Considering that one glucose molecule creates two Acetyl-CoA molecules, the cycle turns twice per glucose, resulting in a production of 2 ATP, 6 NADH, and 2 FADH2 per glucose molecule.
This stage completes the oxidation of glucose, contributing many high-energy electron carriers that are vital for the upcoming oxidative phosphorylation stage. Although it directly yields only a small amount of ATP, its value lies in the electron carriers it supplies to the electron transport chain.

Oxidative Phosphorylation

Oxidative phosphorylation represents the final and most ATP-productive stage of cellular respiration, occurring on the inner mitochondrial membrane. It consists of two major components: the electron transport chain (ETC) and chemiosmosis.
The electron transport chain is a series of protein complexes that transfer high-energy electrons from NADH and FADH2 to molecular oxygen, forming water.

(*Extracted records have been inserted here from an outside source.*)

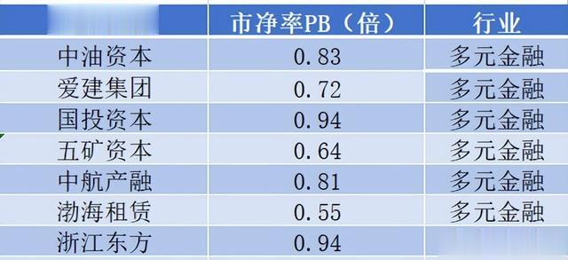 3、多元金融破净股:目前多元金融破净股还有7只,市净率最低只有0.55倍,最高0.94倍。
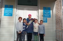 “Ак каен” балалар бакчасында тәрбияләнгән 2-3 нче класс кызлары кече тәрбияче Наилә апалары Кәбированы бәйрәм белән котладылар./Бывшие воспитанники детского сада “Ак каен” девочки 2-3 классов поздравили младшего воспитателя Наили Кабировой поздравили с праздником.
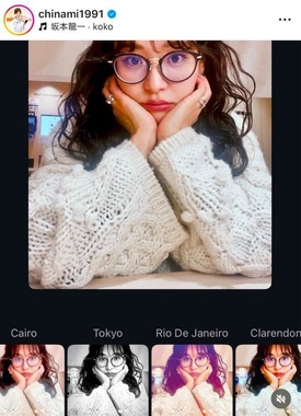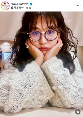 インスタグラムに投稿された写真では、パーマヘアで白いニットを着用。メガネをかけて頬杖をつき、カメラ目線を披露していた。

As electrons flow through these complexes, protons (H⁺ ions) are pumped from the mitochondrial matrix to the intermembrane space, creating a significant electrochemical gradient known as the proton-motive force.

• Each NADH can lead to the production of approximately 2.5 ATP molecules.
• Each FADH2 contributes about 1.5 ATP molecules.

The energy from the proton gradient powers ATP synthase, an enzyme that synthesizes ATP as protons flow back into the matrix through it. This process, chemiosmosis, acts like a turbine driven by the proton flow.
Oxidative phosphorylation produces the majority of ATP generated in cellular respiration, approximately 25 ATP molecules per glucose molecule, making it the most effective ATP generator. It efficiently harnesses the energy stored in electrons transported by NADH and FADH2 from glycolysis and the citric acid cycle.